2. The Commissioner adjusted the return by disallowing that deduction and a notice of assessment issued accordingly. The taxpayer objected thereto, the Commissioner decided to disallow the objection and that decision was referred to a Board for review. As it happens the assessment under review is an amended one (sec. 191).

3. Counsel for the taxpayer sought to exclude the operation of the principle laid down in
Lunney and Hayley v. F.C. of T. (1958) 100 C.L.R. 478; 11 A.T.D. 404 that expenditure by a taxpayer on travelling between his place of residence and his place of work is prima facie a personal or living expense (cf.
Burton v. F.C. of T. 79 ATC 4318 at p. 4321). Therefore it is first necessary to consider what was the work of the taxpayer and what was the place for him to do that work, and this leads to a consideration of his contract of employment and of his evidence as to the manner of performing his duties.

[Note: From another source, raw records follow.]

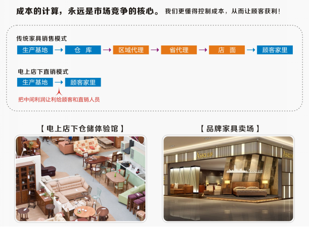 傳統(tǒng)家具銷售模式往往要?dú)v經(jīng)多個(gè)環(huán)節(jié),即生產(chǎn)基地——倉(cāng)庫(kù)——區(qū)域代理——省代理——店面——顧客家里。而在“電上店下”平臺(tái),環(huán)節(jié)則縮減到了兩步,即生產(chǎn)基地——顧客家里。當(dāng)環(huán)節(jié)被省略,經(jīng)銷商便賺到了中間差利潤(rùn),而消費(fèi)者則省去了不必要的購(gòu)物成本。由此可見(jiàn),F(xiàn)BC模式是符合當(dāng)下市場(chǎng)需求的,在人工、運(yùn)營(yíng)、土地租金等成本上擁有很大的優(yōu)勢(shì)。我不趕電商潮,等得就是這樣一個(gè)機(jī)會(huì)。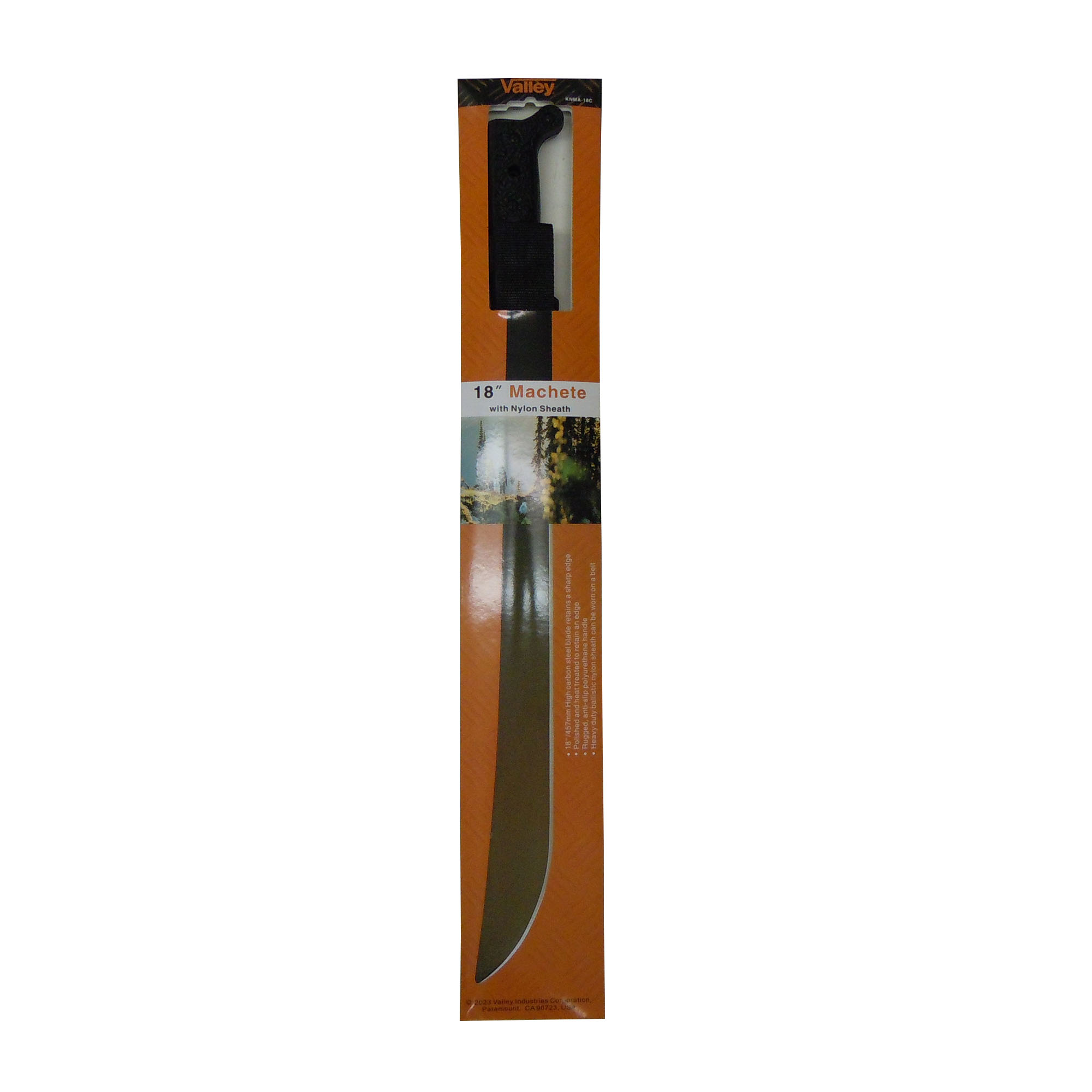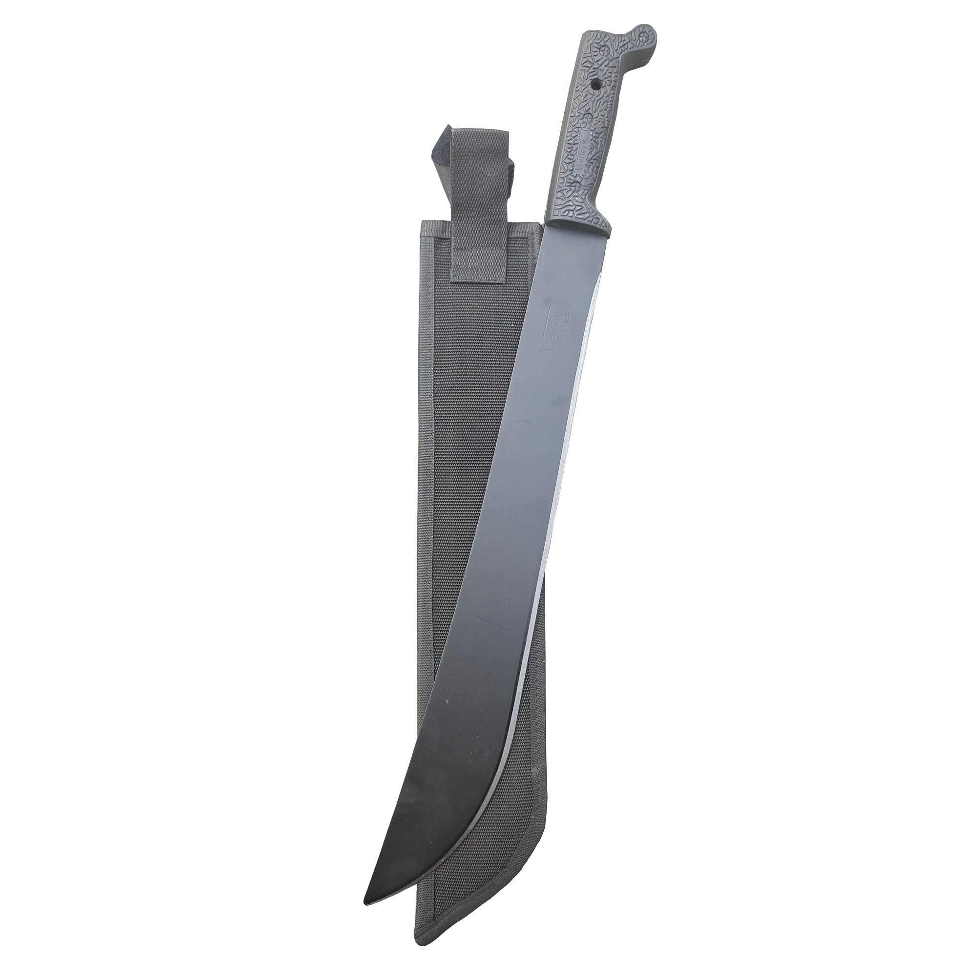 18″ / 457mm Hign carbon steel blade retains a sharp edge[linebreak]Polished and heat treated to retain an edge[linebreak]Rugged, anti-slip polyurethane handle[linebreak]Heavy duty ballistic nylon sheath can be worn on a belt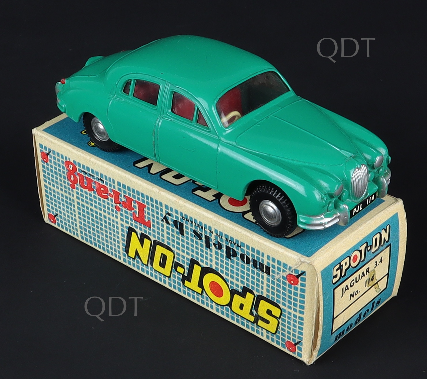 Jaguar 3.4 Mark 1 Saloon by Spot-on Models, No. 114 . Scarce in DEEP SEA-GREEN, red interior, deep grey base. Very near mint/boxed (with green colour spot). With Collector's Card, promotional leaflet and sheet of transfers. From A Phenomenal Collection. QDT starting bid £200. Please note that QDT apply 12.5% buyer's commission.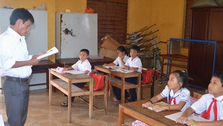 Dies ist das dritte Schuljahr, dass junge Lehrer Le Anh Duc mit der Grundschule “Insel Sinh Ton” verbunden ist. Lehrer Duc betrachtet die Schüler auf der Insel wie enge Familiemitglieder. Er sagt: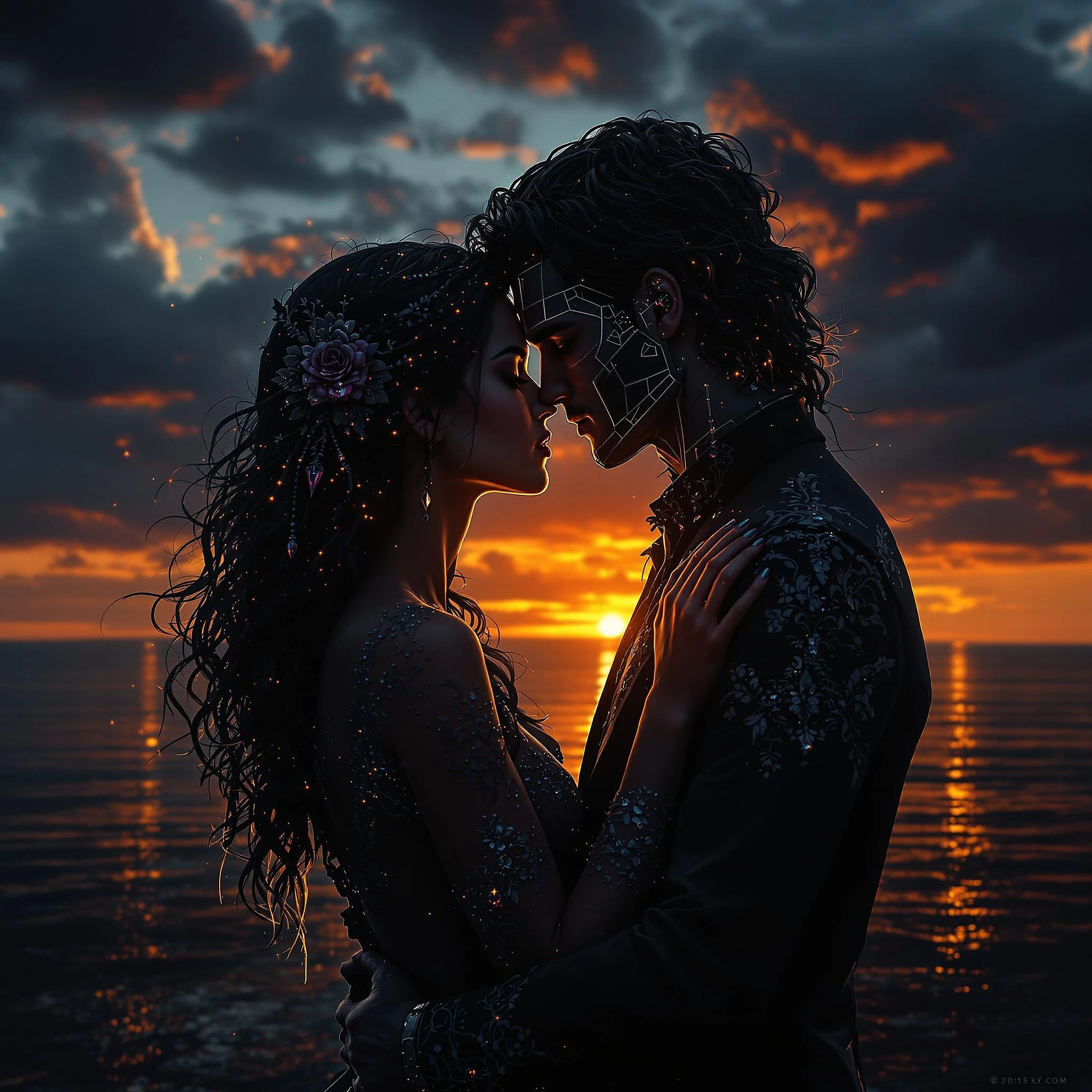 Hyper realistic, photo realism, High Contrast, insanely detailed and intricate, elegant, ornate, super detailed zoomed out side view full body HD Photo of Heart and soul I fell in love with you. The way a fool would do, Madly, Because you held me tight, And stole a kiss there in the night. I beg to be adored. Yes, and I lost control And tumbled overboard, Gladly. That magic night we kissed Oh, we kissed, There in the moon mist. Oh, but your lips were thrilling, Much too much too thrilling, Never before were mine so Strangely willing. Darling, and now I see What one embrace can do, Come on and look at me You've got me loving you, Madly, That little kiss you stole All my heart and soul. it is night time, there are dark clouds rolling in on the night sky on the Reddish Orange sunset in the background. No poorly formed fingers, no extra arms, no extra legs, no extra fingers, no poorly formed hands, no poorly drawn body, no poorly drawn teeth, no bad anatomy.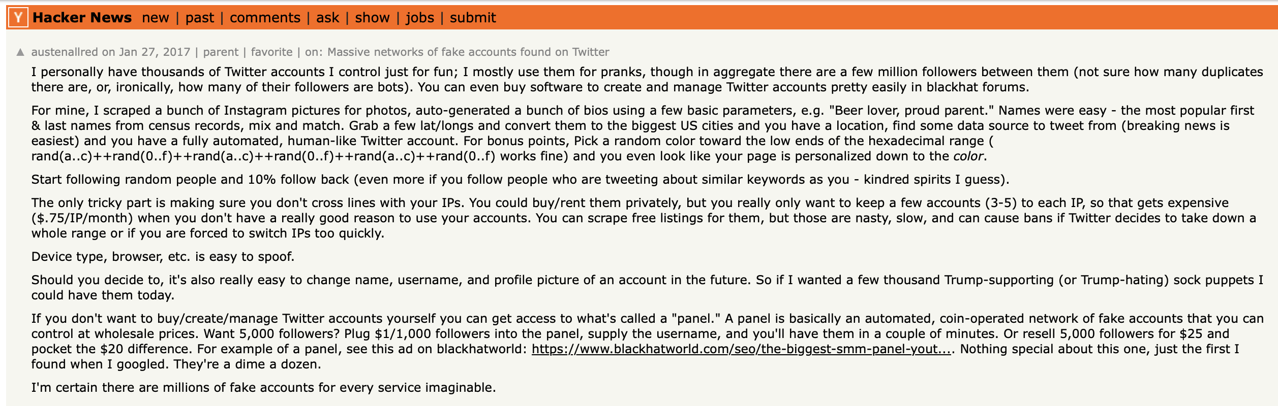 At the time, Austen's 53,000 followers on Twitter created an illusion of importance. At least, until you come across his bragging about a bot army and follow spam on Hacker News.

4. The only document before the Board which may amount to a contract of employment is an award or agreement which is stated therein to be ``binding on (the employer) and on the Australasian Airline Flight Engineers' Association and its members and upon all other Flight Engineering Officers who are from time to time employed by (that employer)''. The exhibit edition is current from 27 May 1974 to 26 May 1976. It is a handbook of 156 pages.

5. The significant parts of that award or agreement have been rearranged for present purposes and are summarised with a page reference to the handbook given after each extract -

6. The taxpayer's counsel put other documents into evidence as follows -

7. In the course of the hearing of the reference, counsel for the taxpayer made a comparison so far as regards volumes and mode of bringing them up to date between the manuals used by the taxpayer and the series known as Australian Federal Tax Reporter [CCH]. Counsel stressed the distinction that the substitution of sheets in the taxpayer's manual has at times, if not at all times, an emergency factor which rarely exists for an annotated statute.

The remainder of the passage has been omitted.